What is required: Copy the data that follows exactly, and include none of its images.

Data for processing:
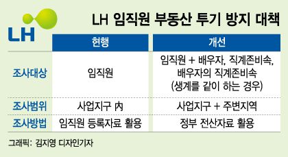 우선 LH 임직원의 부동산 거래 조사를 강화한다. 기존 LH 직원에 한정했던 거래 조사 대상을 직원 가족으로 확대한다. 대상은 배우자, 직계존비속, 배우자의 직계존비속까지다. 조사 범위는 사업지구 내 토지에서 인근지역까지 확장한다.
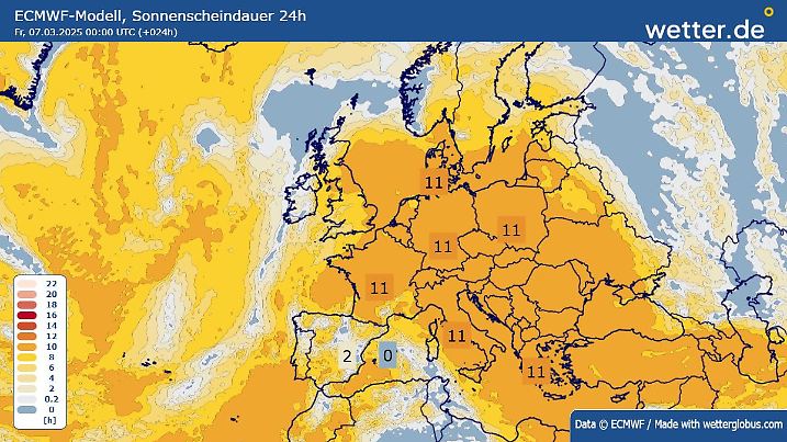 Am Freitag null Stunden Sonne auf Mallorca, aber 11 bei uns. Mehr als 11 ist derzeit nicht möglich wegen der doch noch kurzen Tageslänge. Dazu kommt der Regen, auch am Wochenende. Am Sonntag sind zwischen 60 und 70 Liter Regen in Katalonien und den Balearen berechnet. Und wir sitzen hier schön im Café.
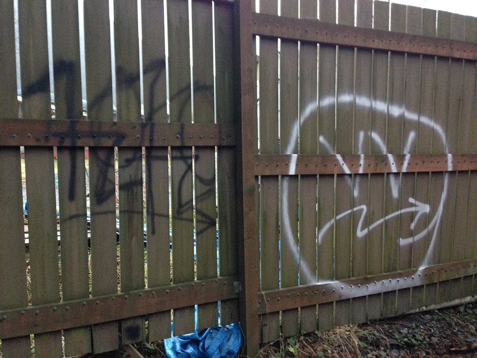 While some of the graffiti applied with felt-tip marker was easily removed by park maintenance staff, some wooden surfaces — a fence and a restroom — were spray-painted. Ewers believes the damage totals around $1,600.
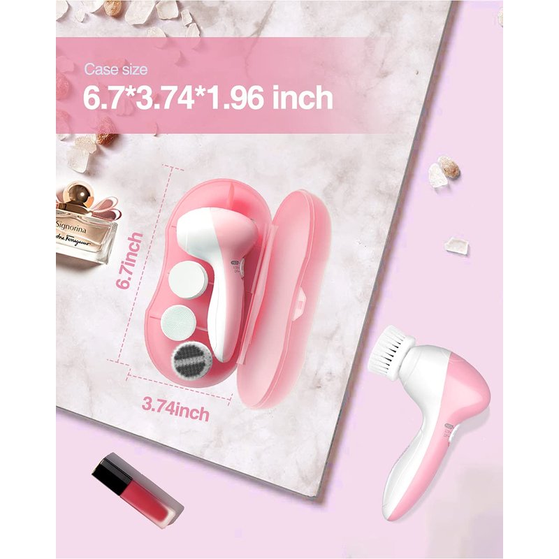 TOUCHBeauty Facial Cleansing Brush Set with Case & 3 Spin Brush Heads for Beginner/Teenagers, Battery Powered, Mini Travel Size Pink
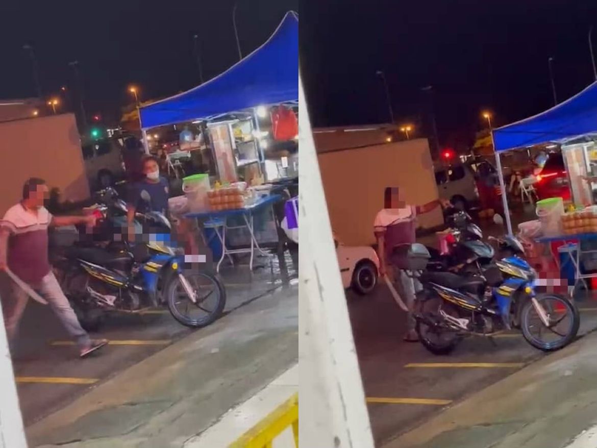 Insiden suspek yang mengacu parang kepada pembeli dan peniaga burger itu tular menerusi video berdurasi satu minit 24 saat.
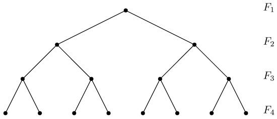 First, we find the optimal sampling functions, M, for all possible selections of . First of all, note that M selects exactly one individual from each subset that forms , by definition. Therefore, the number of sampled individuals is constant for a fixed choice of . Thus, in the optimal sampling function design, the only parameter that we consider is the minimum number of expected false classifications . Note that a false classification occurs only when one of the sampled individuals has a different infection status than one of the individuals in its cluster in . For instance, assume that is chosen. Then, assume that the sampling function M selects individual 1 from the set . Recall that, after the second step of the two-step group testing algorithm, by using , the infection status of individual 1 is identified with zero-error and its status is used to estimate the statuses of individuals 2 and 3, since they are in the same cluster in . However, with positive probability, individuals 1 and 3 can have distinct infection statuses, in which case, a false classification occurs. Note that this scenario occurs only when is at a higher level than the realized F in the cluster formation tree , where we refer to as the top level of the cluster formation tree and as the bottom level.
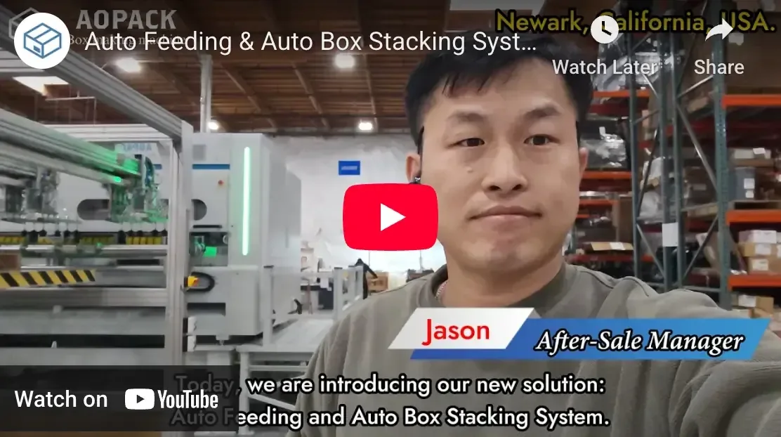 In this video and project showcase, Aopack presents its Auto Feeding and Auto Box Stacking System, successfully installed at a customer site in the United States, demonstrating a higher level of automation for heavy duty box making machines.
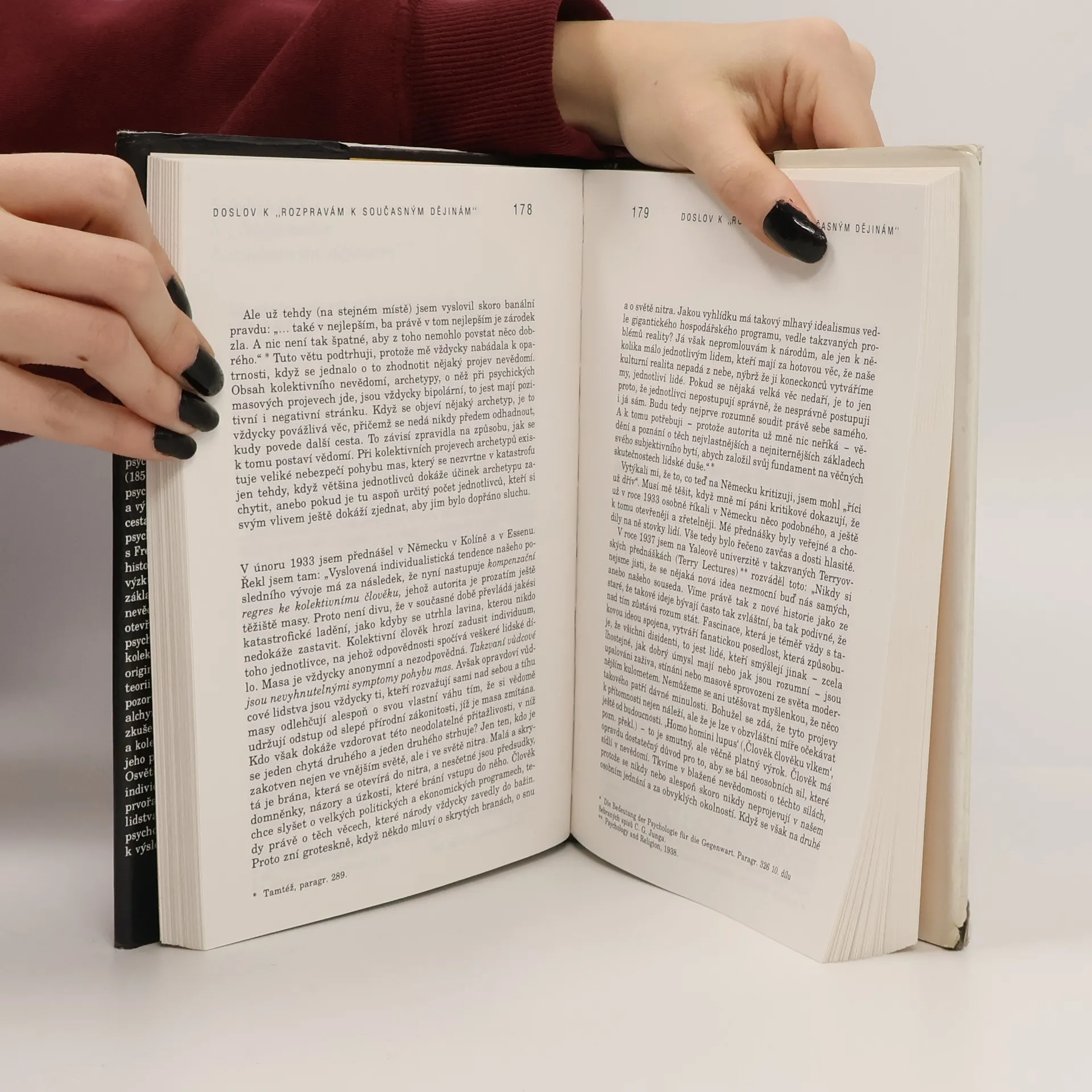 Výbor klade do rukou českého čtenáře reprezentativní texty jednoho z největších moderních znalců lidské duše. Z obsahu: I/ Problémy duše moderního člověka Základní problém současné psychologie Protiklad Freud a Jung Problém duše moderního člověka O vzniku osobnosti Nadaný Manželství jako psychologický vztah Životní obrat Duše a smrt Psychoterapie a světový názor Ulysses — Monolog Picasso Po katastrofě Doslov k „Rozpravám k současným dějinám“ Boj se stínem II/ Ze vzpomínek — snů — myšlenek C. G. Junga Svazek uzavírá Ediční poznámka překladatele, Bibliografie a text O autorovi a jeho díle. Stati vybral a z německých originálů přeložil Karel Plocek Předmluvu napsal Ludvík Běťák Vydání první
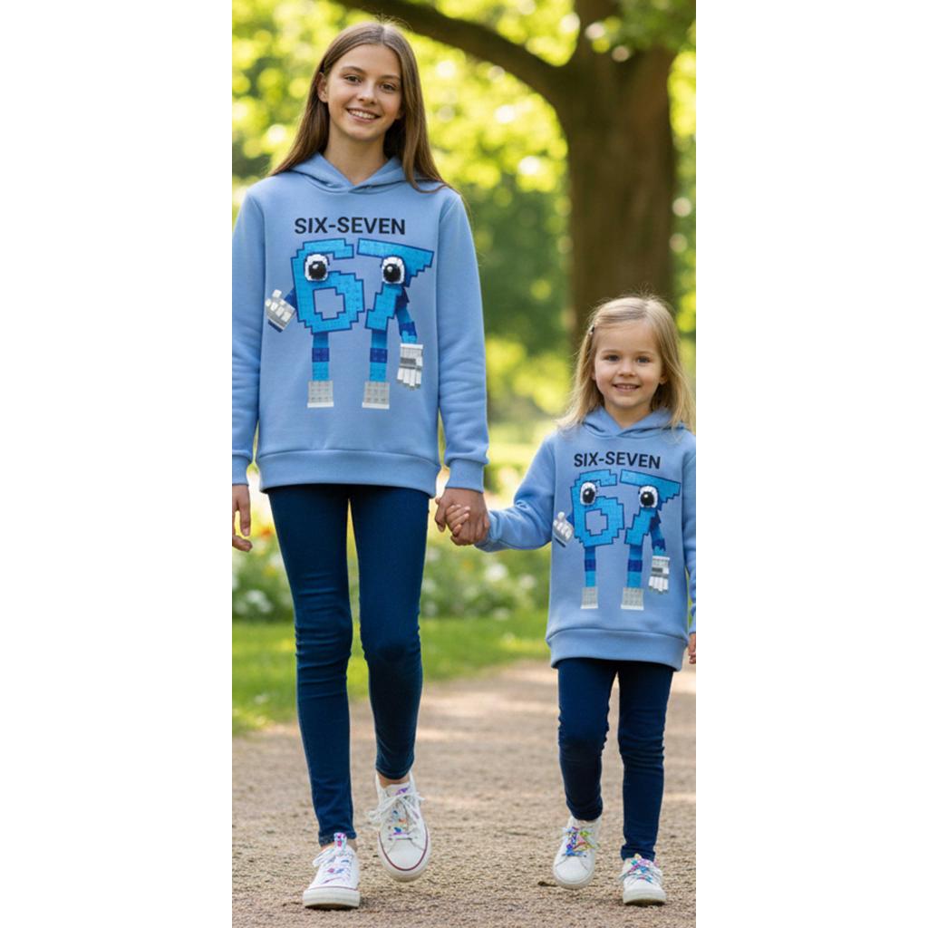 Светлосиният суичър с качулка грабва погледа с веселия герой „Six-Seven“, който изглежда сякаш е сглобен от любими кубчета и е готов за игри, смях и приключения.
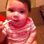 I just wanted to share a photo that was taken while mommy and I were out to dinner with Aunt Danee. She say’s I am her favorite neice =)

Solution to the problem:
 우선 LH 임직원의 부동산 거래 조사를 강화한다. 기존 LH 직원에 한정했던 거래 조사 대상을 직원 가족으로 확대한다. 대상은 배우자, 직계존비속, 배우자의 직계존비속까지다. 조사 범위는 사업지구 내 토지에서 인근지역까지 확장한다.
 Am Freitag null Stunden Sonne auf Mallorca, aber 11 bei uns. Mehr als 11 ist derzeit nicht möglich wegen der doch noch kurzen Tageslänge. Dazu kommt der Regen, auch am Wochenende. Am Sonntag sind zwischen 60 und 70 Liter Regen in Katalonien und den Balearen berechnet. Und wir sitzen hier schön im Café.
 While some of the graffiti applied with felt-tip marker was easily removed by park maintenance staff, some wooden surfaces — a fence and a restroom — were spray-painted. Ewers believes the damage totals around $1,600.
 TOUCHBeauty Facial Cleansing Brush Set with Case & 3 Spin Brush Heads for Beginner/Teenagers, Battery Powered, Mini Travel Size Pink
 Insiden suspek yang mengacu parang kepada pembeli dan peniaga burger itu tular menerusi video berdurasi satu minit 24 saat.
 First, we find the optimal sampling functions, M, for all possible selections of . First of all, note that M selects exactly one individual from each subset that forms , by definition. Therefore, the number of sampled individuals is constant for a fixed choice of . Thus, in the optimal sampling function design, the only parameter that we consider is the minimum number of expected false classifications . Note that a false classification occurs only when one of the sampled individuals has a different infection status than one of the individuals in its cluster in . For instance, assume that is chosen. Then, assume that the sampling function M selects individual 1 from the set . Recall that, after the second step of the two-step group testing algorithm, by using , the infection status of individual 1 is identified with zero-error and its status is used to estimate the statuses of individuals 2 and 3, since they are in the same cluster in . However, with positive probability, individuals 1 and 3 can have distinct infection statuses, in which case, a false classification occurs. Note that this scenario occurs only when is at a higher level than the realized F in the cluster formation tree , where we refer to as the top level of the cluster formation tree and as the bottom level.
 In this video and project showcase, Aopack presents its Auto Feeding and Auto Box Stacking System, successfully installed at a customer site in the United States, demonstrating a higher level of automation for heavy duty box making machines.
 Výbor klade do rukou českého čtenáře reprezentativní texty jednoho z největších moderních znalců lidské duše. Z obsahu: I/ Problémy duše moderního člověka Základní problém současné psychologie Protiklad Freud a Jung Problém duše moderního člověka O vzniku osobnosti Nadaný Manželství jako psychologický vztah Životní obrat Duše a smrt Psychoterapie a světový názor Ulysses — Monolog Picasso Po katastrofě Doslov k „Rozpravám k současným dějinám“ Boj se stínem II/ Ze vzpomínek — snů — myšlenek C. G. Junga Svazek uzavírá Ediční poznámka překladatele, Bibliografie a text O autorovi a jeho díle. Stati vybral a z německých originálů přeložil Karel Plocek Předmluvu napsal Ludvík Běťák Vydání první
 Светлосиният суичър с качулка грабва погледа с веселия герой „Six-Seven“, който изглежда сякаш е сглобен от любими кубчета и е готов за игри, смях и приключения.
 I just wanted to share a photo that was taken while mommy and I were out to dinner with Aunt Danee. She say’s I am her favorite neice =)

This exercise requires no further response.